BEGIN

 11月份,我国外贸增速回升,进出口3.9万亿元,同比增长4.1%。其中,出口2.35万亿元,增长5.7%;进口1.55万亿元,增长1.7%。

END
BEGIN

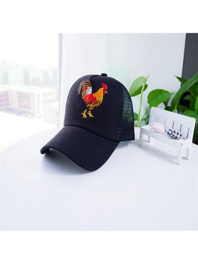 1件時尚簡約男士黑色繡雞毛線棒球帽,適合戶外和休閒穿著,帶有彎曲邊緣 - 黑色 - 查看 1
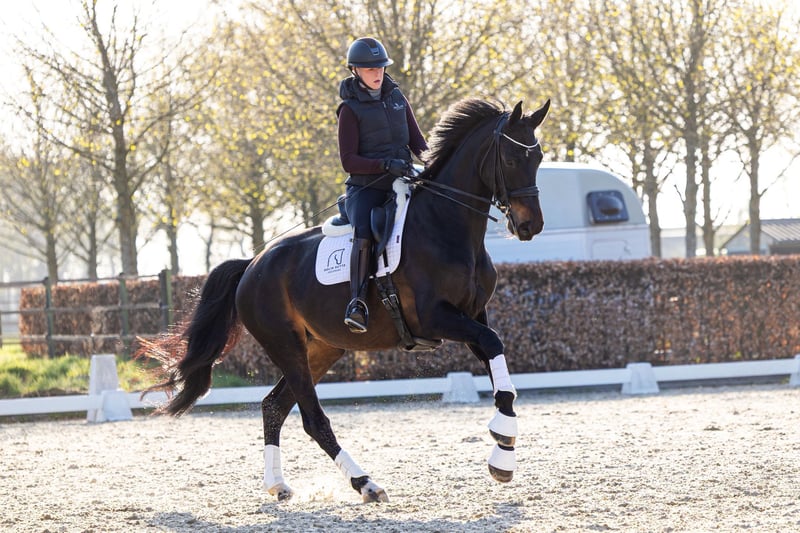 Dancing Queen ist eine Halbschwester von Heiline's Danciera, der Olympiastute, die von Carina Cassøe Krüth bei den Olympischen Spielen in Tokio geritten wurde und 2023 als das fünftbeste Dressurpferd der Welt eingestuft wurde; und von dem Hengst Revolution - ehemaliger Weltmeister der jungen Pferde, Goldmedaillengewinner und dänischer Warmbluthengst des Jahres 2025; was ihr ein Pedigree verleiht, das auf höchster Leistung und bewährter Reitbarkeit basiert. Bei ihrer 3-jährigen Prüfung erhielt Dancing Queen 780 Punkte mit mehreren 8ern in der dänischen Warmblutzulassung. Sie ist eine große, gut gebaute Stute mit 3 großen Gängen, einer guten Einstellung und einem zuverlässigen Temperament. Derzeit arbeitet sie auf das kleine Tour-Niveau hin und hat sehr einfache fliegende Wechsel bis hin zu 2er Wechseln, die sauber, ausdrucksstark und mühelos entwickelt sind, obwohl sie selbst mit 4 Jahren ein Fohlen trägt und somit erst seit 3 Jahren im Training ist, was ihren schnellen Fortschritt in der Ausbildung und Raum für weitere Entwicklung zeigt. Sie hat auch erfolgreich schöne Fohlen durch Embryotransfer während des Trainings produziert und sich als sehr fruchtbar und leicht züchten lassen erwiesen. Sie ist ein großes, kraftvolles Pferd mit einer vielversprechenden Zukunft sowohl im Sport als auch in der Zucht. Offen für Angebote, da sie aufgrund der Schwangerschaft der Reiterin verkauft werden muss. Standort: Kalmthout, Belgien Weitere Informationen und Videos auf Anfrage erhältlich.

END
BEGIN

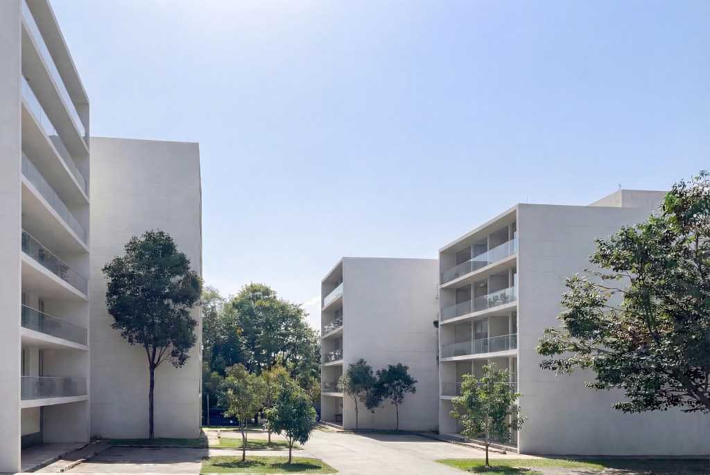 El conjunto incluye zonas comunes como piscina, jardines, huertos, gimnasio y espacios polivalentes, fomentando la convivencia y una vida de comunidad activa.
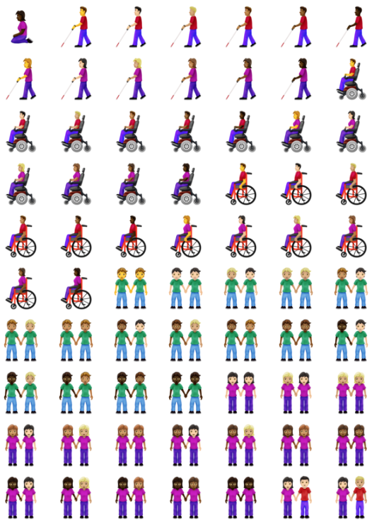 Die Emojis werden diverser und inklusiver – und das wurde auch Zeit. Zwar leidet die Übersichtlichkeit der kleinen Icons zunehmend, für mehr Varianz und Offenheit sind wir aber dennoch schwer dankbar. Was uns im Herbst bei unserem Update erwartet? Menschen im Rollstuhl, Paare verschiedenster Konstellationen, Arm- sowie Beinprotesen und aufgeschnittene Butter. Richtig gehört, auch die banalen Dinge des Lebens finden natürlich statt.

END

### TASK
Starting at the line containing "El conjunto incluye" and stopping at the line containing "Die Emojis werden", output each line exactly as it appears above. Leave out the pictures.

### TASK RESULT
 El conjunto incluye zonas comunes como piscina, jardines, huertos, gimnasio y espacios polivalentes, fomentando la convivencia y una vida de comunidad activa.
 Die Emojis werden diverser und inklusiver – und das wurde auch Zeit. Zwar leidet die Übersichtlichkeit der kleinen Icons zunehmend, für mehr Varianz und Offenheit sind wir aber dennoch schwer dankbar. Was uns im Herbst bei unserem Update erwartet? Menschen im Rollstuhl, Paare verschiedenster Konstellationen, Arm- sowie Beinprotesen und aufgeschnittene Butter. Richtig gehört, auch die banalen Dinge des Lebens finden natürlich statt.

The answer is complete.